I had just passed my colloquium. It was an unseasonably cold day at the end of March (global warming, am I right?) but I was feeling victorious. I wanted to do something that would mirror my triumph over the much-dreaded colloquium (basically the defense of a thesis in the form of a two hour conversation with a panel of three faculty members) that all seniors in the Gallatin School for Individualized Study at NYU must complete in order to graduate. I needed to do something that would match my level of elation. That something was going to McDonald’s and buying myself two McChicken sandwiches and eating them in Washington Square Park, despite the cold (see above photo).
Many would chastise me for consuming such foul (literally fowl) food, but McChickens make me happy. I often call my predilection towards the McChicken sandwich a guilty pleasure but I always wonder to myself “why should I feel guilty about a thing that makes me happy?” That’s the big question. Should you feel guilty about your guilty pleasures if they make you happy?

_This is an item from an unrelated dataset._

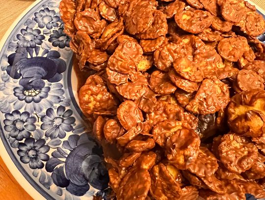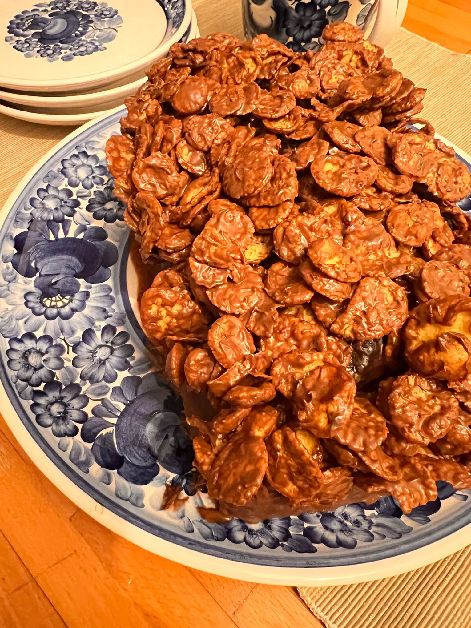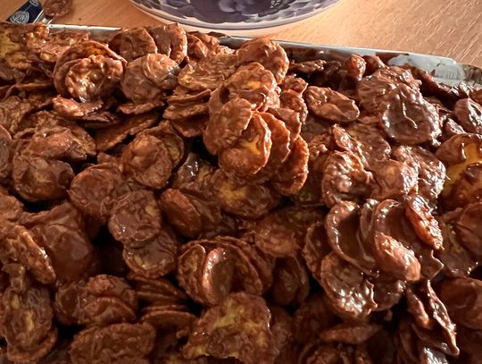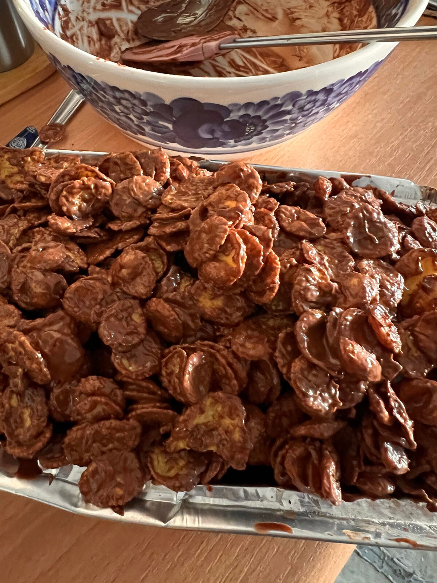 Odstaw ciasto i przygotuj chrupiącą warstwę. Podgrzej krem czekoladowy bardzo krótko (najlepiej w kąpieli wodnej), tylko do momentu, aż stanie się lekko lejący. Krem nie może być za bardzo ciepły, bo sprawi, że płatki kukurydziane zmiękną i nie będą chrupały. Wymieszaj go delikatnie z płatkami kukurydzianymi, żeby były oklejone kremem, ale nie pokruszyły się.

My vegan friend thinks I should. We were once out one night at some bar in god knows where and I got a little tipsy and insisted that we just call it a night so I could go home, get my McChicken and go to sleep. As I was telling her my plan for the rest of the night, she had been sipping on her vodka martini, and she did a spit take where she found out I would be stopping before eventually going home. “You would really eat that garbage?” she said to me. “Do you know how inhumanely McDonald’s treats their chickens?” Fire was coming out of her mouth at this point. The truth is I didn’t.